UPDATE: Blogger announced on February 27:
This week, we announced a change to Blogger’s porn policy. We’ve had a ton of feedback, in particular about the introduction of a retroactive change (some people have had accounts for 10+ years), but also about the negative impact on individuals who post sexually explicit content to express their identities. So rather than implement this change, we’ve decided to step up enforcement around our existing policy prohibiting commercial porn.  

Blog owners should continue to mark any blogs containing sexually explicit content as “adult” so that they can be placed behind an “adult content” warning page.

Bloggers whose content is consistent with this and other policies do not need to make any changes to their blogs.
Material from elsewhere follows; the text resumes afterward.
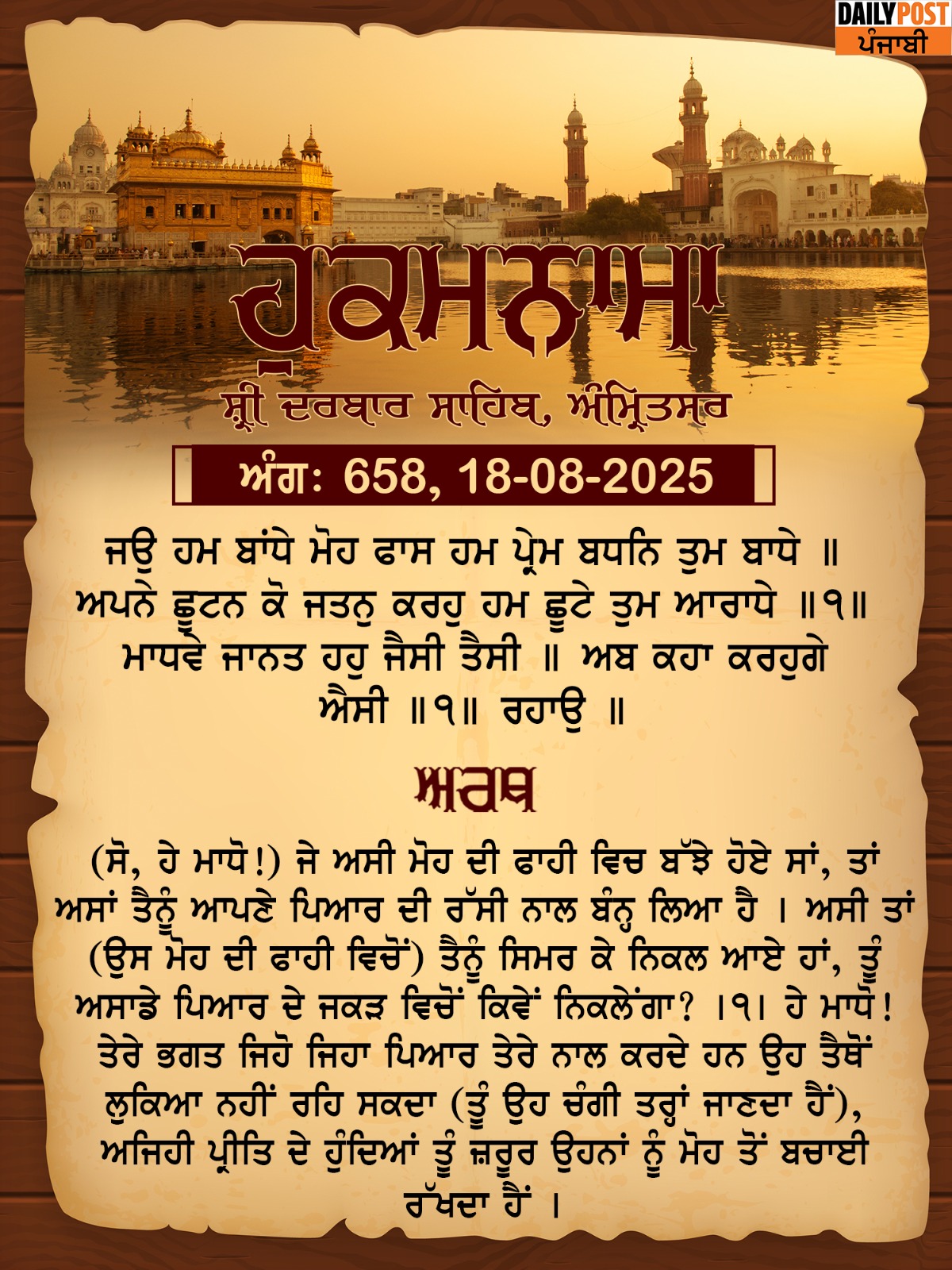 ਸ੍ਰੀ ਦਰਬਾਰ ਸਾਹਿਬ ਤੋਂ ਅੱਜ ਦਾ ਹੁਕਮਨਾਮਾ 18-8-2025

So... I guess the majority of my blogs are "safe" from being shut down for the time being. Of course, Blogger probably still sees a blog that features erotic-romantic-fiction as being "sexually explicit" even when an individual blog post isn't necessarily "adult" in nature. This means I've placed the "adults only" warning interstitial page on Celine Chatillon's blog and web site. I suppose it's a small price to pay to continue blogging via Blogger. What do you think?


Nancy Gardiner said...

Let me see if I have this right...the powers that be want you to remove the "offensive" material, but they won't explain what material is "offensive". That is one twisted little game they've got going.

A J said...

I think this is just one of those periodic knee-jerk reactions Blogger goes through from time to time. Someone complains so Blogger corporation feels it has to appear responsible to the public (when it couldn't care less). The real problem probably originated from all the self-published dreck out there, where there's no publisher/editorial control over what's posted ("You can't write THAT!") This too shall pass.

Cindy said...

I've been told that I've actually survived a couple of earlier "cullings" by Blogger/Google. I wasn't informed I was a "pornographer" then, so I didn't change my ways and now they've caught me on this round... But, no, they didn't give me or anyone a specific run down of WHY we received their notice and have been warned that if we don't change our ways we could find our blogs "privatized", which essentially means no one will be able to find our blogs online unless we sign them up personally to do so. For a writer, that just kills all promotional opportunity for our books, so a private blog is not a desirable thing.

I hate the idea (and the stress) of moving my blogs/pages over to another provider, but this sort of blanket censorship is worrisome. Yes, take down the "porn" (selling sexual videos online) but why are we targeting legitimate authors and bloggers who want to express themselves in an intelligent manner?